Она хотела встать, но начальник удержал её:

- А можно - вопрос?

- Как вам угодно.

- Вы с Потоновыми - родственники?

- Да.

- А по какой линии, если не секрет?

- По прямой, - ответила она со спокойной улыбкой. И распорядилась, вставая: - Весь мусор собрать и - с собой!

Женщины принялись за уборку, мужчины понесли вещи к автобусу. Нина, в сопровождении двух родственников, направилась к Волге.

- Ну, жизнь! - выругался кудрявый и притормозил пробегавшую мимо Алёнку: - Поедем с тобой вдвоём?

- А у тебя - машина?

- Выйдем из автобуса на трассе, поймаем такси или левака.

- Свою машину заимей.

Курносая блондинка повелительно взяла неудачника под руку:

- Идём на свои места.

Владимир вспомнил слова, как-то сказанные Сергеем Иванычем: Мы до того уродуем свою землю, что скоро не станем любить и её, и самих себя...

12

Сергей Иваныч неожиданно почувствовал недомогание. Лёг в госпиталь на обследование. Вроде ничего особенного не находили. Владимир, уезжая в двухнедельную командировку, зашёл проведать его. Друг был весел.

- Нам бы с тобой прошвырнуться на катере вверх по Дону, - мечтательно сказал он на прощание, - да заесть осетровой ухой поллитровку - всё бы как рукой сняло!

Расстались, договорившись проделать целительное путешествие, а когда Владимир вернулся из командировки, Сергея Иваныча уже схоронили. Причиной смерти стала опухоль, внезапно выросшая на позвоночнике. Последствие войны.

Люба доучилась в Москве, там и осталась жить, выйдя замуж за физика-ядерщика. Виктор и Леночка учились в математической школе. Оля, окончив медицинский, работала в Ростове.

Виктор приходил вечерами заниматься английским, и бабушка кормила его вместе с Леной, как родного. Иногда, отвечая на вопрос где живёшь, Виктор называл адрес Потоновых.

И Нина часто приходила после работы. Засиживались допоздна. Дети нередко переходили в разговоре с русского на английский, и когда Нине надоедала забугорная речь, она требовала:

- Хватит вам гурчать. Тоже мне - пятая колонна!

Нина уже не гналась за французской модой. Носила деловые костюмы, обувь на низком каблуке. Но и в таком наряде выглядела привлекательной. Глаза её сделались строгими, проницательными, голос погрубел, речь обрела начальственную лаконичность. Управляла немалым хозяйством. На похвалу о своей неподкупности, как стража соцсобственности, отвечала: Всё равно надо жить честно.

Но в школе, где учились Виктор и Лена, решила, в порядке шефской помощи, сделать ремонт. На весенних каникулах снарядила бригаду рабочих, и те, под её наблюдением, за несколько дней привели классные комнаты и коридоры в приличный вид. Директриса, пожилая женщина, горячо поблагодарив Нину, сказала то ли в шутку, то ли всерьёз:

- Вот бы вы и мою квартиру отремонтировали!
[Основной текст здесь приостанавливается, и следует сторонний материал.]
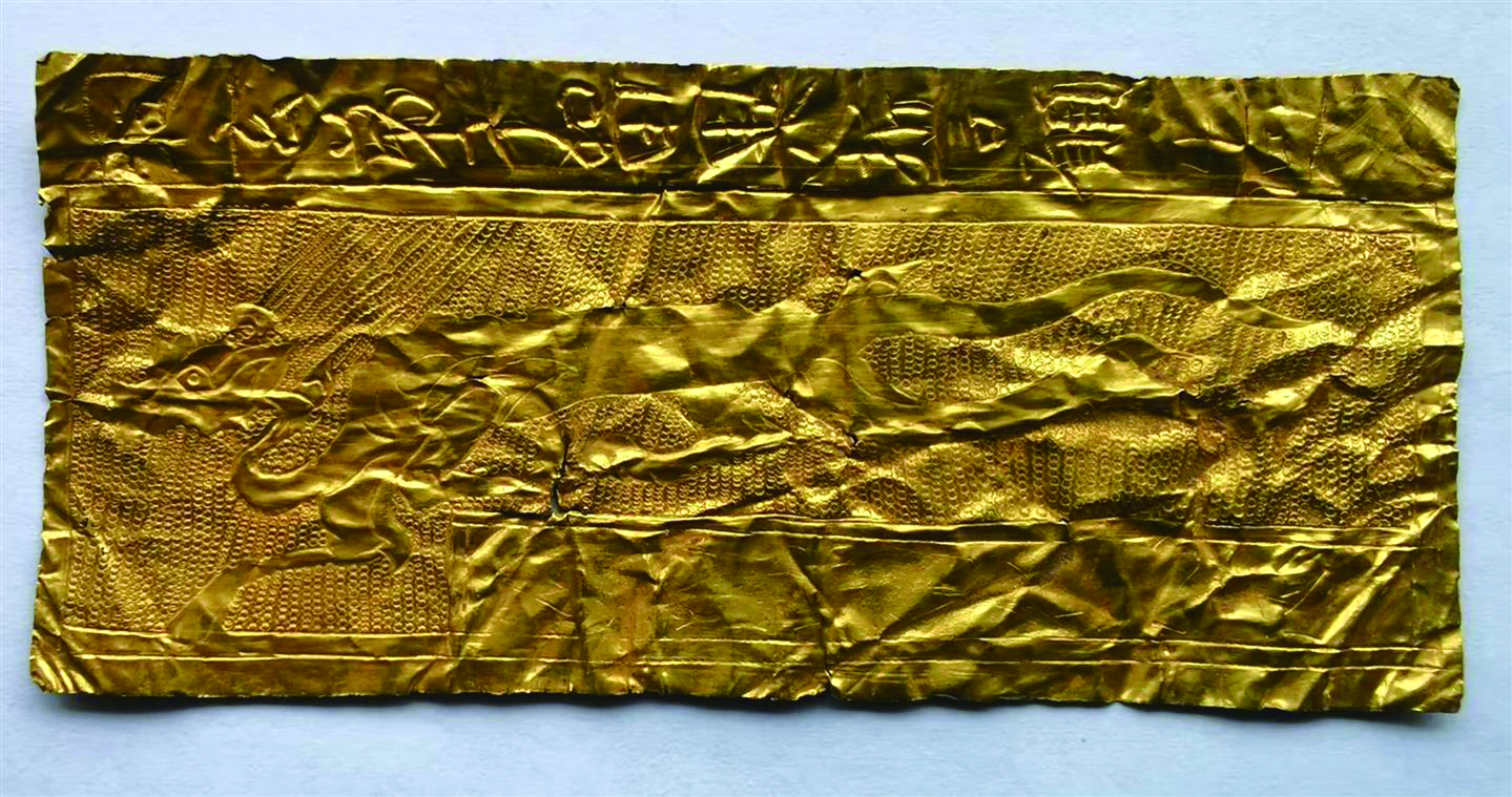 左部的龙纹,图、底有些混淆,经仔细辨别,它体现的还是一种早期风格的“走龙”形象。细鳞状的纹样并非龙身,空白处才是。龙身朝前,龙尾似虎尾刚劲有力。笔者曾将图发给省博物馆投龙展策展人魏祝挺老师请教,他的看法也一致。
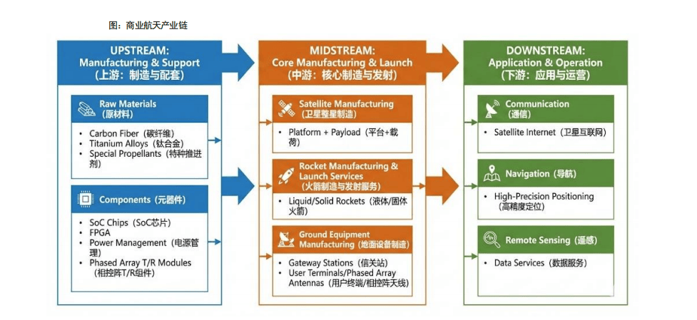 上游(制造与配套):原材料(碳纤维、钛合金、特种推进剂)。元器件(SoC芯片、FPGA、电源管理、相控阵T/R组件等)

Нина не стала отшучиваться. Ответила прямо и определённо:

- Сожалею. Но нет никакой возможности.

А после майских праздников возникло персональное дело Виктора Гореева, учившегося в девятом классе. Якобы за срыв урока памяти.

Старики-ветераны, увешанные орденами и медалями, рассказывали, как тяжело начиналась война. Страна, мол, не только не была готова воевать (ведь занимались мирным трудом), а вообще не была вооружена. Случалось, что на троих солдат выдавалась одна винтовка времён Первой мировой войны, не было ни танков, ни самолётов.

Виктор встал, протестуя. Как же так? В энциклопедическом словаре сказано, что в 1939 году в районе реки Халхин-Гол Красная армия за 11 дней (в сущности молниеносно) нанесла сокрушительное поражение японцам, разгромив их Шестую армию. Вынудила Японию подписать договор о нейтралитете. Привёл слова песни: Мчались танки, ветер поднимая, наступала грозная броня, и летели наземь самураи под напором стали и огня. Попросил объяснить, куда подевалась эта мощь? Почему наша страна в первые дни войны оказалась без армии и вооружения?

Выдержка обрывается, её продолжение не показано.